Explicit collusion is an agreement among competitors to suppress
rivalry that relies on interfirm communication and/or transfers.
Rivalry between competitors erodes profits; the suppression of
rivalry through collusion is one avenue by which firms can enhance
profits. Many cartels and bidding rings function for years in a
stable and peaceful manner despite the illegality of their
agreements and incentives for deviation by their members. In The
Economics of Collusion, Robert Marshall and Leslie Marx offer an
examination of collusive behavior: what it is, why it is
profitable, how it is implemented, and how it might be detected.
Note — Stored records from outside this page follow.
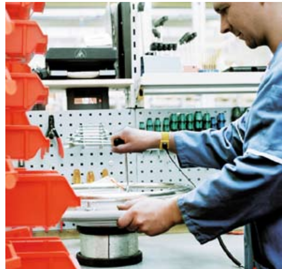
Alber Services geben dem Nutzer Sicherheit.

Die Mobilität der Versicherten gewährleistet das Alber Service Center mit dem branchenweit einzigartigen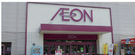
イオン一関店 徒歩11分(900m)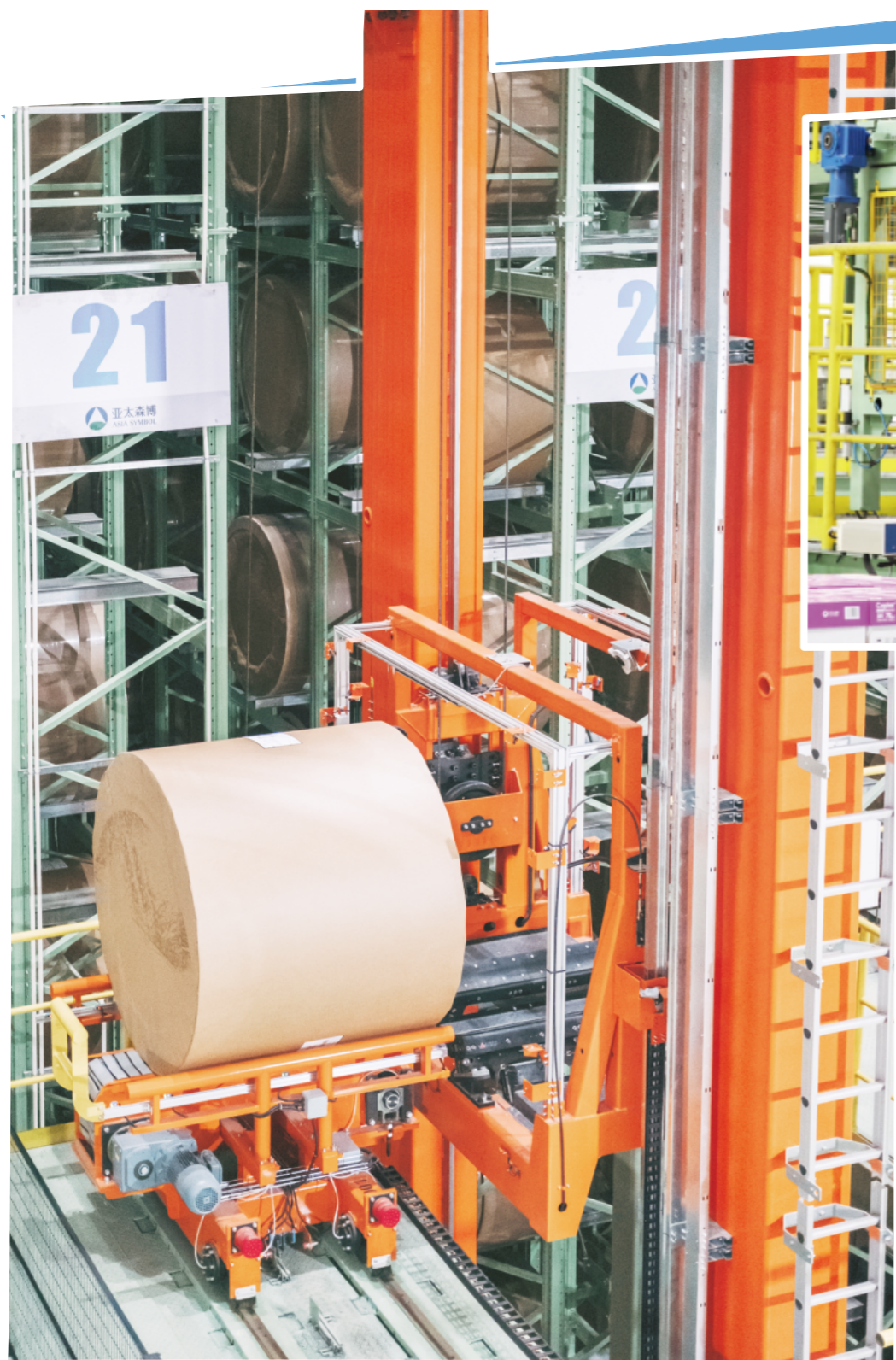
在新投产的数智化自动立体仓,设备正在进行无人化作业。

Marshall and Marx, who have studied collusion extensively for two
decades, begin with three narratives: the organization and
implementation of a cartel, the organization and implementation of
a bidding ring, and a parent company's efforts to detect collusion
by its divisions. These accounts-fictitious, but rooted in the
inner workings and details from actual cases-offer a novel and
engaging way for the reader to understand the basics of collusive
behavior. The narratives are followed by detailed economic analyses
of cartels, bidding rings, and detection. The narratives offer an
engaging entree to the more rigorous economic discussion that
follows. The book is accessible to any reader who understands basic
economic reasoning. Mathematical material is flagged with
asterisks.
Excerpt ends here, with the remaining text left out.